Municipal lease obligations will not be considered illiquid if they (i) are publicly offered and are rated in one of the two highest rating categories by at least two NRSROs, or if only one NRSRO rates the security, by that NRSRO, or (ii) have a demand feature, which, if exercised, will result in payment of their par value within seven days. Municipal lease obligations not meeting either of these criteria (“Restricted Municipal Lease Obligations”) will not be considered illiquid for purposes of a Portfolio’s 5% limitation on illiquid securities, provided the Investment Manager determines that there is a readily available market for such securities, in accordance with procedures adopted by the Board. With respect to Restricted Municipal Lease Obligations, the Investment Manager will consider, pursuant to such procedures, the general credit quality of the Restricted Municipal Lease Obligation, including, in the case of Restricted Municipal Lease Obligations that are unrated, an analysis of such factors as (i) whether the lease can be cancelled; (ii) if applicable, what assurance there is that the assets represented by the lease can be sold; (iii) the strength of the lessee’s general credit (e.g., its debt, administrative, economic and financial characteristics); (iv) the likelihood that

 

 


 
 

 

the municipality will discontinue appropriating funding for the leased property because the property is no longer deemed essential to the operations of the municipality (e.g., the potential for an event of nonappropriation); and (v) the legal recourse in the event of failure to appropriate; and any other factors unique to municipal lease obligations as determined by the Investment Manager.

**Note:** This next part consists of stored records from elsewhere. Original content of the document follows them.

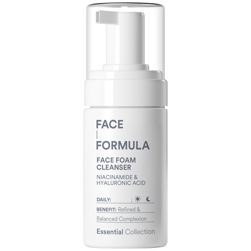 Face Formula Face Foam Cleanser är en skonsam rengöringsmousse som effektivt avlägsnar smuts, överflödig talg och orenheter samtidigt som hudens naturliga fukt bevaras. Den krämiga formulan rengör på djupet, utan att torka ut huden. Formulerad med milda sulfater och niacinamid för en ren, balanserad och mjuk hud.
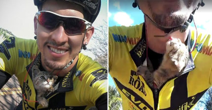 單車騎士在路上救了一隻小貓,塞到衣服騎回家的路程一直「被不停萌吻」! (影片)
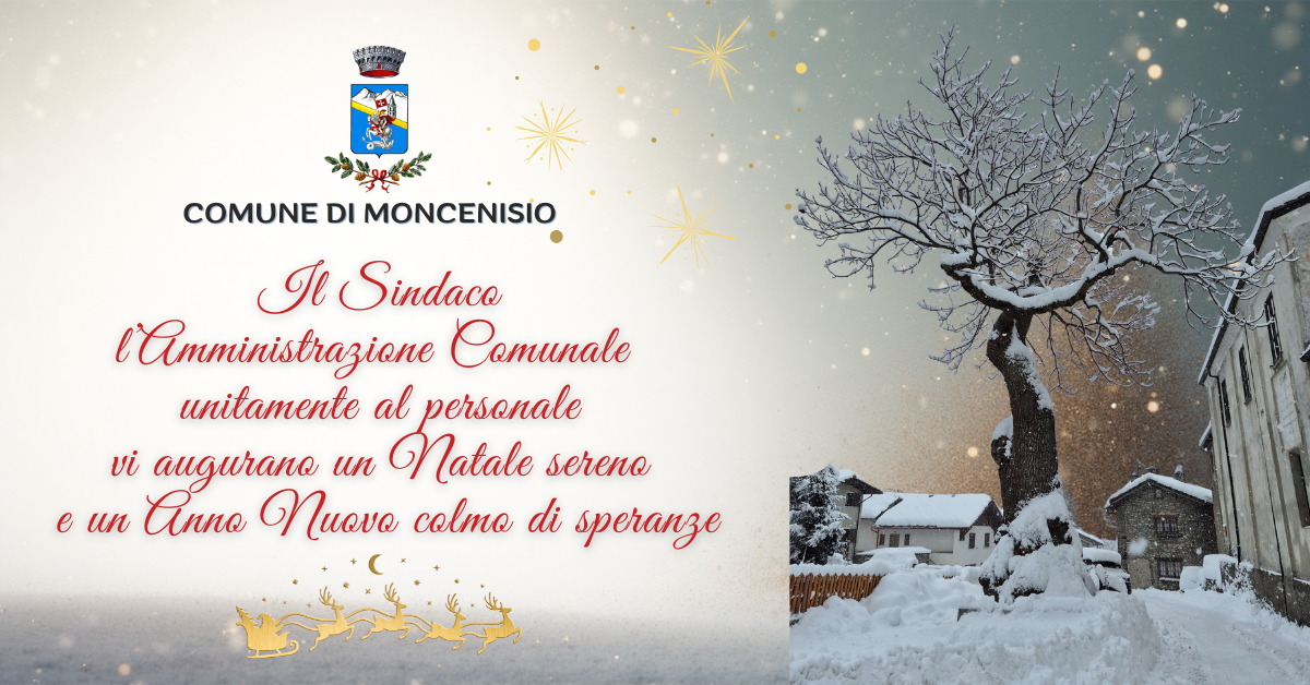 Il Sindaco, l’Amministrazione Comunale e tutto il personale del Comune di Moncenisio augurano a cittadine e cittadini un Natale sereno e un Anno Nuovo colmo di speranze, da vivere insieme, con fiducia e spirito di comunità.

Neither the California Portfolio nor the New York Portfolio have purchased Auction Rate Securities as part of the 5% limit on illiquid securities and it is not expected that either Portfolio will be purchasing Auction Rate Securities in the future.

The following paragraph replaces the 2nd non-fundamental investment restriction in the section entitled “Investment Policies and Restrictions”:

Each Portfolio (unless noted otherwise) does not currently intend to:

(2) purchase or hold any security if, as a result, more than 5% of its total assets would be invested in securities that are deemed to be illiquid because they are subject to legal or contractual restrictions on resale or because they cannot be sold or disposed of in the ordinary course of business at approximately the prices at which they are valued, including repurchase agreements not entitling the holder to payment of principal and interest within seven days upon notice and securities restricted as to disposition under federal securities laws, except for commercial paper issued in reliance on the “private placement” exemption afforded by Section 4(a)(2) of the Securities Act (Section 4(a)(2) paper), securities eligible for resale pursuant to Rule 144A under the Securities Act (Rule 144A securities), and other securities, that are determined to be liquid pursuant to procedures adopted by the Board.